There can be other ways to solve your actual problem rather than observing char arrays.
The problem is that the std::string may change the string array inside (especially when it resizes). For instance, c_str returns the address of the current string - documentation says that "The pointer returned may be invalidated by further calls to other member functions that modify the object.".
If you're sure you won't call string methods (hence the string will stay at the same memory location), you could try accessing the c_str pointer (your char array) directly and modify its content.
std::string str = "test";
char* arr = (char*)str.c_str();
arr[3] = 'a';
NOTE: I strongly advice against this unless in a testing context.
In other words, the string class doesn't guarantee it's going to stay in the same place in memory - meaning trying to access it through a char array is impossible.
The best is to create another string class that enforces the char array to always stay the same size (and so can stay in the same memory position all the time).
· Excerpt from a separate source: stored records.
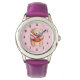 Een horloge met een leuke illustratie van de waterverf. Een bruine teddybeer draagt een groot rood hart. Kleine polka stippen op een roze achtergrond.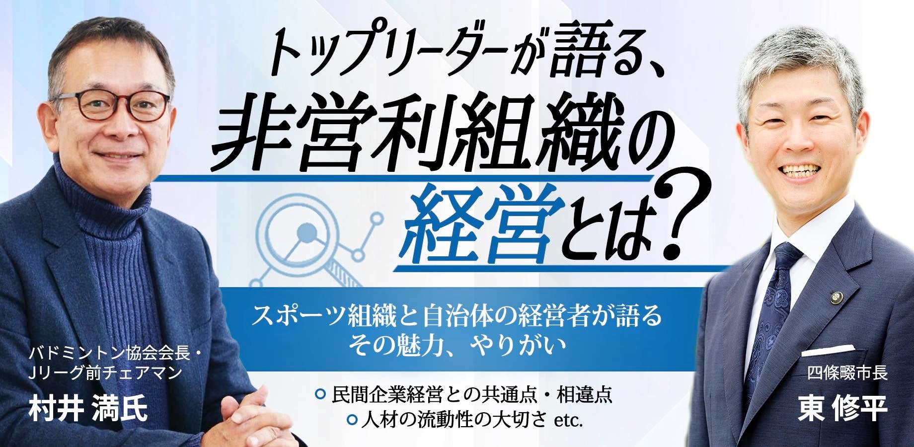10月12日(土)20:30~には、日本バドミントン協会会長・Jリーグ前チェアマンの村井満氏とのオンライン対談イベントを開催。「トップリーダーが語る、非営利組織の経営とは?」をテーマに、スポーツ組織と自治体の経営について、民間企業と比較しながら、その魅力ややりがいに迫ります。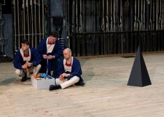 Jaunā Rīgas teātra aktieri filmējas Ullas fon Brandenburgas izstādes „Kalns, grimsti! Ieleja, celies!” perfomencē – filmā.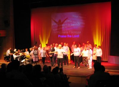 Here are visitors from some of the twin towns, gathering for the start of a conducted tour around the Abbey, and down to St Helens Church.

You could also create a bigger array (max size string for instance) to cope with any string size changes - but that should be enforced in your wrapper class.
Well you can do this, but you shouldn't
#include <iostream>
#include <string>
int main()
{
std::string test("123456789");
std::cout << test << "\n";
char* data = &test.front(); // use &(*test.begin()) for pre-C++11 code
for ( size_t i(0); i < test.size(); ++i )
{
data[i] = 57 - i;
}
std::cout << test << "\n";
}
Output will be
123456789
987654321
This however goes again everything std::string is trying to facilitate for you. If you use data, you risk causing UB and changes to test may make data point to garbage.
You should not do this!
However, there are many (dangerous) ways to achieve it:
char* cStr = const_cast<char*>(cppStr.c_str());
or
char* cStr = const_cast<char*>(cppStr.data());
or
char* cStr = &cppStr[0];
But beware that the cppStr might be reallocated whenever you touch it, hence invalidating your cStr. That would crash at some point in time, although maybe not immediately (which is even worse).
Therefore, if you are going to do this anyway. Make sure to cppStr.reserve(SOMETHING) *before* you get the cStr out of it. This way, you will at least stabilise the pointer for a while.